$A^2$ is diagonalizable leads to $A$ diagonalizable?

Question

If $A^2$ is diagonalizable, is it necessary true that $A$ is diagonalizable?

Also, the opposite: If $A$ is diagonalizable, is it necessary true that $A^2$ is diagonalizable?

I'm not sure yet, tried to prove with $A^2 = P^{-1}DP$ , but no success.

Answer 1

The first proposition is false, as for example $A^2 = 0$ for nonzero (nilpotent) $A$.

For example: $A = \begin{pmatrix} 0 & 1 \\ 0 & 0 \end{pmatrix}$.
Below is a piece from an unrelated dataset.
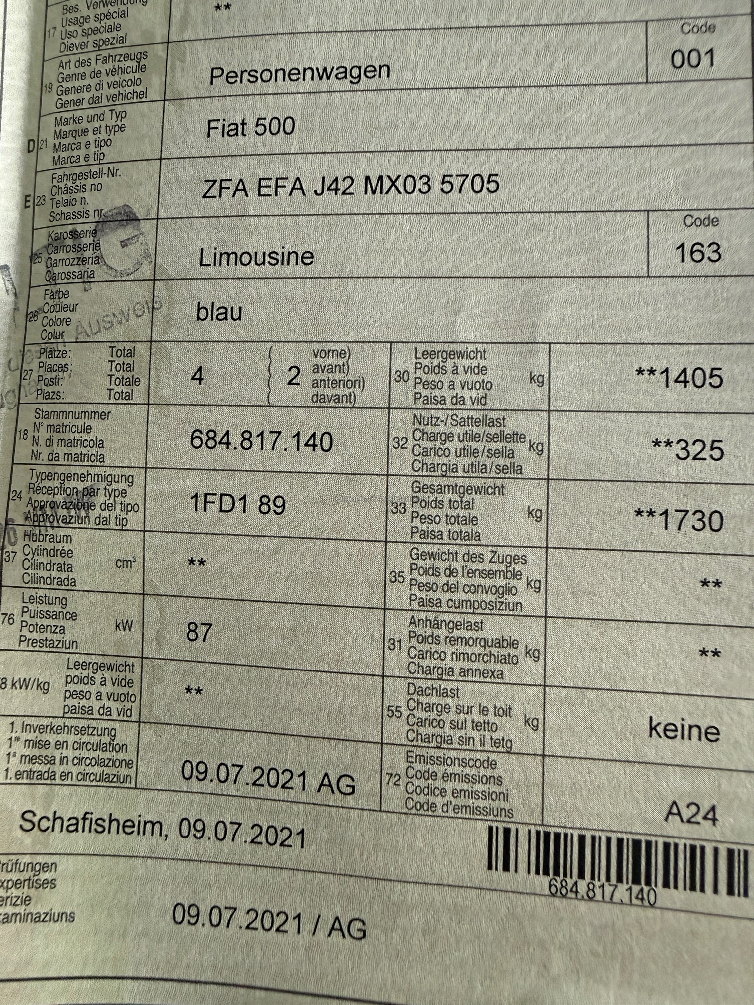 | VIN | ZFAXXX |

Of course if $A$ is diagonalizable, then $A^2$ (and indeed any polynomial in $A$) is also diagonalizable: $D = P^{-1} A P$ diagonal implies $D^2 = P^{-1} A^2 P$.

Answer 2

It is actually true iif $A^2$ has only positive eigenvalues.

If $\pi$ is a polynomial that factors completely into distinct factors (hope I'm getting this right in english, please correct otherwise) and for which $\pi(A^2)=0$ (such a polynomial exists because $A^2$ is diagonalizable), ie : $$\pi(X)=\prod_i (X-\lambda_i)$$ with distincts $\lambda_i>0$, and $\pi(A^2)=\prod_i (A^2-\lambda_i I)=0$

Then $P(X)=\pi(X^2)=\prod_i (X^2-\lambda_i)=\prod_i (X-\sqrt{\lambda_i})(X+\sqrt{\lambda_i})$ is also completely factored into distinct factors and verify $P(A)=0$ which imply with kernel lemma that $A$ is also diagonalizable.

The other side is trivial as mentionned by hardmath